Print the records exactly as written, and let no picture into the answer.

Records from a dataset:
· · · ·

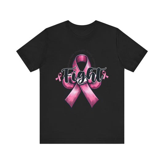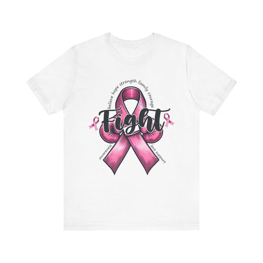 Fight Breast Cancer Awareness Unisex Jersey Short Sleeve Tee with Pink Ribbon
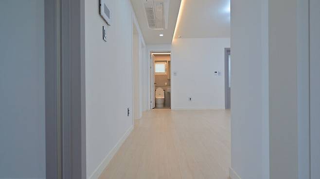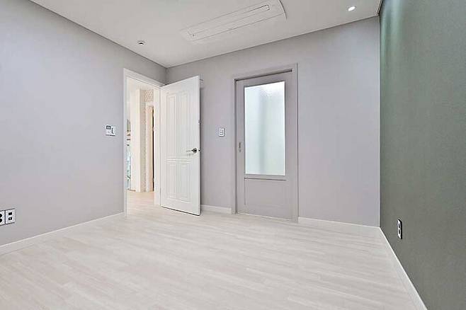 부모님 댁과 자녀 세대 모두 바닥은 강마루를 선택했다. 부모님 집은 아이보리 컬러(구정마루)를, 자녀 세대는 모던 바닐라크림 컬러(구정마루)로 마감했다. 벽체도 두 세대 모두 실크벽지(LG하우시스)를 사용했으며 색상만 차이를 두었다.
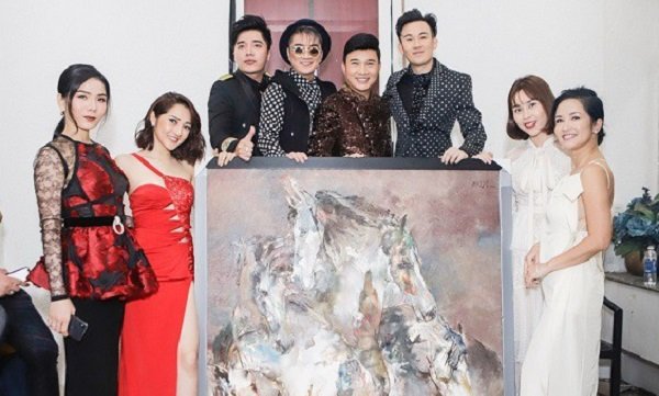 Đàm Vĩnh Hưng và các nghệ sĩ chụp ảnh lưu niệm với bức tranh của nghệ sĩ Hứa Thanh Bình.
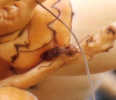 Coconut damaged by the coconut bug. Inset: adult of the coconut bug
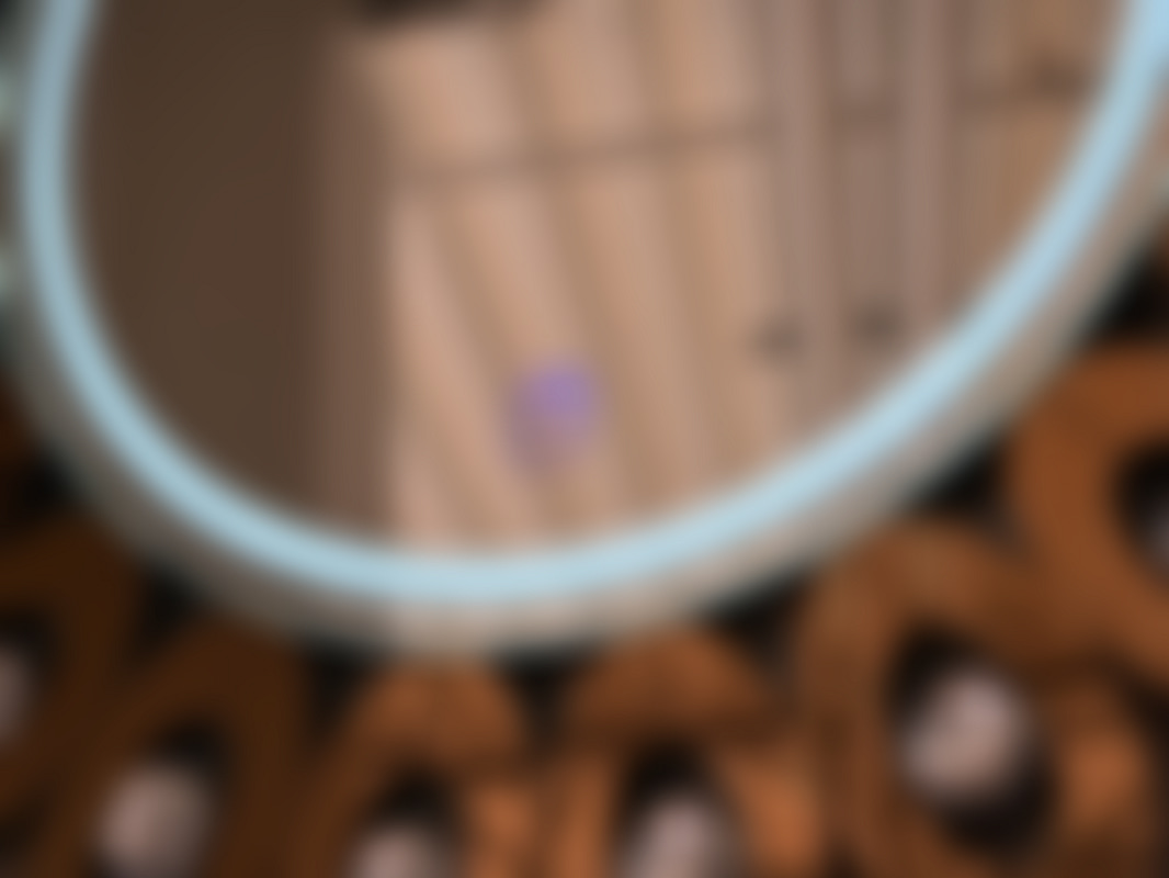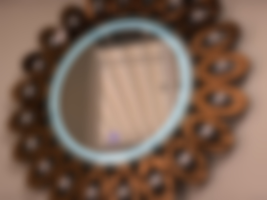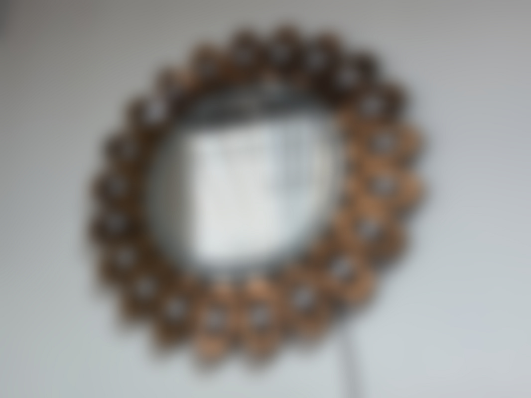 Not allowedRund spegel med belysning, med bronstonade detaljer runt kant.

· · · ·

EXPECTED ANSWER:
 Fight Breast Cancer Awareness Unisex Jersey Short Sleeve Tee with Pink Ribbon
 부모님 댁과 자녀 세대 모두 바닥은 강마루를 선택했다. 부모님 집은 아이보리 컬러(구정마루)를, 자녀 세대는 모던 바닐라크림 컬러(구정마루)로 마감했다. 벽체도 두 세대 모두 실크벽지(LG하우시스)를 사용했으며 색상만 차이를 두었다.
 Đàm Vĩnh Hưng và các nghệ sĩ chụp ảnh lưu niệm với bức tranh của nghệ sĩ Hứa Thanh Bình.
 Coconut damaged by the coconut bug. Inset: adult of the coconut bug
 Not allowedRund spegel med belysning, med bronstonade detaljer runt kant.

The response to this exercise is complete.